Over 10 years, even without compounding, that’s $10,000—and usually much more when you factor in lost growth.
What Is Section 15(c) of the Investment Company Act?
Section 15(c) is all about fund governance. It requires the board of directors or trustees of a mutual fund—most of whom must be independent—to review and approve the fund’s investment advisory agreement annually.
This includes a thorough review of:
- The investment adviser’s compensation
- The fund’s expense ratios, including 12b-1 fees
- Fund performance compared to benchmarks
- Economies of scale and how much of those are passed on to shareholders
- Any conflicts of interest
This process is sometimes called the “15(c) process”, and it results in what I think of as the 15(c) report—a written document outlining the board’s findings and justification for continuing the fund’s management and fee structure.
How 12b-1 Fees Are Reviewed Under 15(c)
Here’s where it connects: If a mutual fund charges 12b-1 fees, the board must assess:
- How the fees are being used
- Whether the fees benefit shareholders
- Whether the level of fees is reasonable and justified
- How the fund’s performance compares to similar funds with lower fees
This isn’t just a formality. The board has a fiduciary duty to act in the best interests of shareholders—like me and you. If the fund is underperforming and still charging high fees, including a fat 12b-1, the board can push to lower the fees or change managers.
Here’s a basic table that shows the kind of comparisons boards often make during 15(c) reviews:
Aspect Reviewed | Fund A (charges 12b-1) | Peer Fund B (no 12b-1) |
---|---|---|
Expense Ratio | 1.50% | 0.30% |
12b-1 Fee | 1.00% | 0.00% |
5-Year Return | 6.2% | 7.8% |
Assets Under Management | $1.2B | $1.0B |
Net Flow | -$200M | +$100M |
If a fund charges more and delivers less, boards are expected to question it. But in practice, not all boards push back hard enough.
Why This Matters to Me as an Investor
I don’t get to vote directly on fees like 12b-1s. But through the 15(c) process, the independent directors are supposed to speak on my behalf.
Here’s what I now look for:
- In the prospectus or annual shareholder report, I check the section where the board explains why they approved the advisory contract. They’re required to summarize their 15(c) review and say whether the fees were found to be reasonable.
- If the explanation seems generic or boilerplate, I get suspicious.
- If the board is full of insiders or has a long history of approving high fees without question, I steer clear.

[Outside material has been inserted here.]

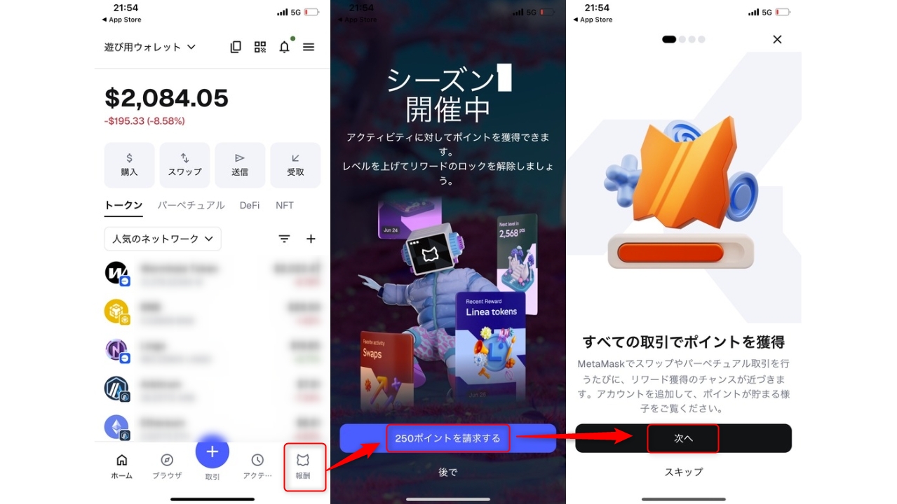 アプリ内の「Rewards(報酬)」タブを開き、ポイントを請求してイベントに参加します。(報酬タブが見当たらない方は、MetaMaskアプリを最新版(v7.57以上)にアップデートしておくこと)

SEC Scrutiny on 12b-1 and 15(c)
The SEC has raised concerns in recent years about how effectively boards review 12b-1 fees. Some critics argue that the 15(c) process is often too cozy and rubber-stamped. That’s why the SEC has periodically suggested reforms, including more transparent disclosures about:
- Actual benefits to shareholders from 12b-1 expenditures
- Fee breakpoints passed on due to asset growth
- Competitive analysis of peer funds’ fees and performance
What I Do Differently Now
Once I understood how 12b-1 fees fit into the larger picture of fund governance and 15(c) reporting, I started:
- Favoring no-load mutual funds with 0% 12b-1 fees
- Reading fund reports, not just performance charts
- Checking the board composition—looking for independence and turnover
- Using low-cost providers like Vanguard and Fidelity, where the incentive structure aligns more with investors
Final Thoughts
I don’t think most investors realize that 12b-1 fees are still being reviewed and justified every single year by a board of directors through the 15(c) process. It’s not something flashy or widely advertised, but it’s the mechanism that gives us some form of protection from excessive or unjustified fees.
If I’m paying for marketing through a 12b-1 fee, I want to know who approved it and why—and that’s where 15(c) reporting comes in. It doesn’t mean fees will go away, but it gives me the tools to make smarter choices and invest in funds that put me first—not their distribution partners.